# @Admins . Great difficulties with connecting to enworld



## sunmaster (Feb 20, 2008)

@Administrators of Enworld

Hello,

Since four to five days I have great difficulties with connecting to enworld.
I try it with Firefox2 on Windows XP(SP2) and with Firefox(2.0.0.11) on Slackware.
I checked if it is because of my net connection but no, every other webpage and forum loads just fine.

The browser tries to connect with the enworld server and then breaks with
the message:
"The connection has timed out

The server at www.enworld.org is taking too long to respond."

It is not that every connection fails, but at
least one or two hours in a day - since the mentioned four to five days - I 
cannot get enworld to load in the browser - just 10 or 20 minutes ago and at my try now to open this new thread I had another connection error -.

I just wanted to report this behaviour. Excuse me, if I write it here but this is
the first linked forum - I fear that I get the connection error if I try to go to
the special forum where one reports server errors on enworld -, so move feel free to move my thread there.


Thank you
regards
sunmaster


----------



## el-remmen (Feb 20, 2008)

Moving this to META


----------



## Mustrum_Ridcully (Feb 20, 2008)

sunmaster said:
			
		

> @Administrators of Enworld
> 
> Hello,
> 
> ...



I am having similar problems. It works often, but not always, but it's still noticeable. Any non-German/European posters with this problem?


----------



## Michael Morris (Feb 20, 2008)

I've been playing whackamole with hackers about once every other day, usually in the evening.  That is the cause. This problem will continue until I can free up the time to fly to florida and rebuild the box. That will cost me about $600 in lost wages, around $300 for the plane ticket, around $300 for the hotel, $200 for a car for the week, and $200 to eat on, so about $1600 to fix it. I don't have that money yet but I'm working on it.


----------



## Jack99 (Feb 20, 2008)

Same problem here (Denmark), I got 2 time-outs getting to this thread, and 4 while trying to make this reply. This has been happening the last 24 hours, and never before.
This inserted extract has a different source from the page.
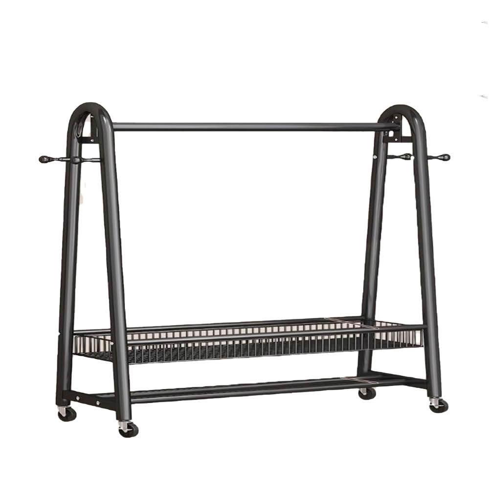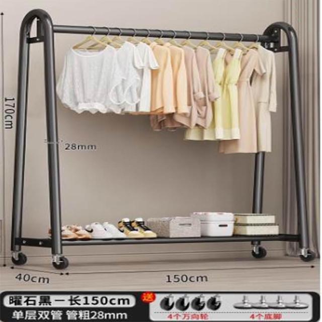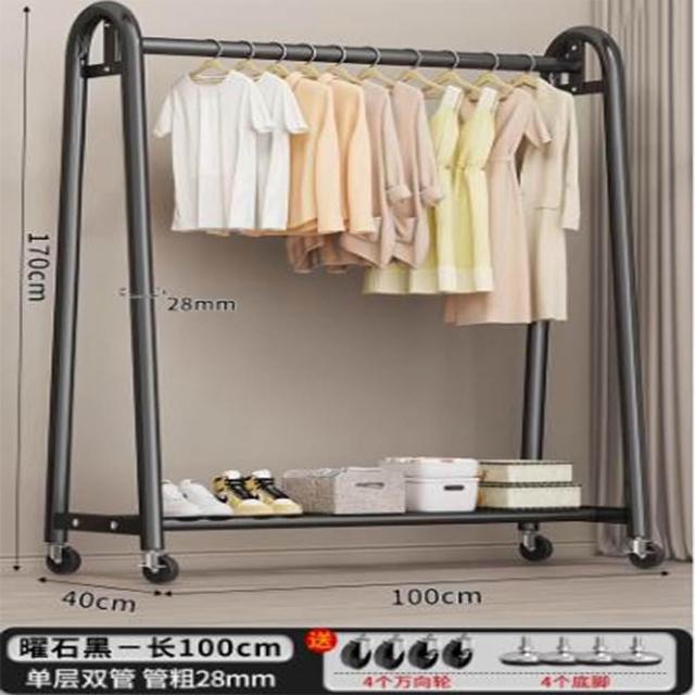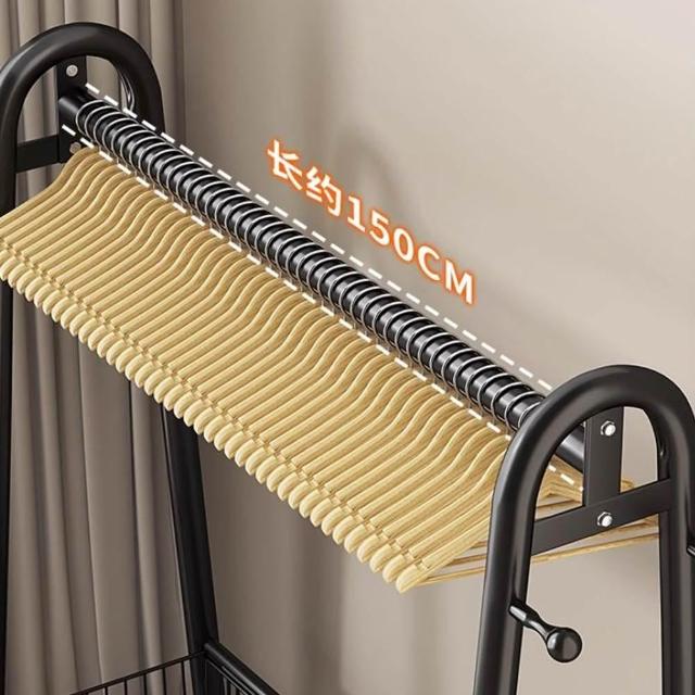 妙立 落地晾衣架 衣帽架 衣櫥 曬衣架 置物架 三角衣帽間 雙層網籃 加粗碳鋼框架 側面4掛鉤 多樣收納 滑輪款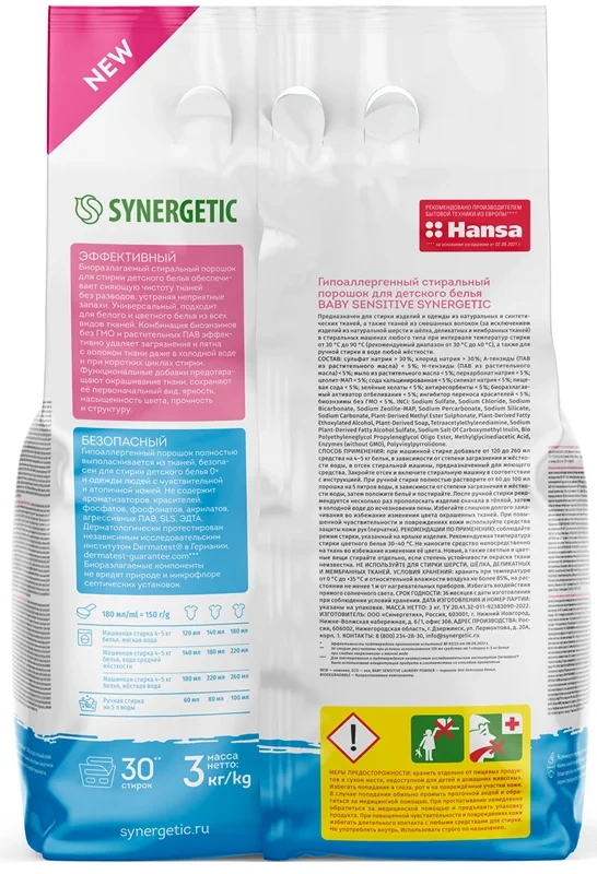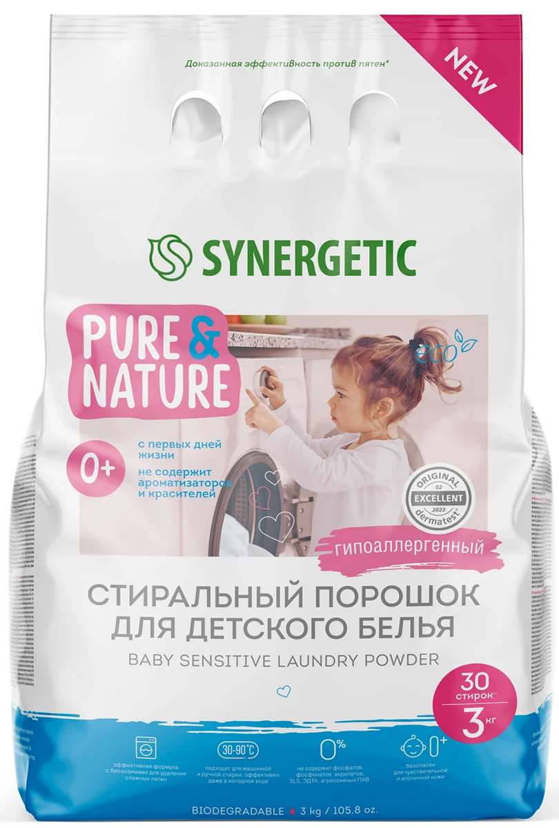 Стиральный порошок Synergetic Sensitive для детского белья, 3кг

This is also the only place that this happens, my line is otherwise perfect.

Cheers


----------



## Jack99 (Feb 20, 2008)

Michael Morris said:
			
		

> I've been playing whackamole with hackers about once every other day, usually in the evening.  That is the cause. This problem will continue until I can free up the time to fly to florida and rebuild the box. That will cost me about $600 in lost wages, around $300 for the plane ticket, around $300 for the hotel, $200 for a car for the week, and $200 to eat on, so about $1600 to fix it. I don't have that money yet but I'm working on it.




Ack!


----------



## Umbran (Feb 20, 2008)

Jack99 said:
			
		

> Ack!




Yeah.  The benefit of remote hosting is that it can be found cheaply.  The detriment is that if you have to go and deal with it yourself, it costs an arm and a leg.


----------



## IronWolf (Feb 20, 2008)

Umbran said:
			
		

> Yeah.  The benefit of remote hosting is that it can be found cheaply.  The detriment is that if you have to go and deal with it yourself, it costs an arm and a leg.




Well, unless the remote hosting facility also allows remote console access.  Several do.  In those cases you can rebuild the box without being there with it.


----------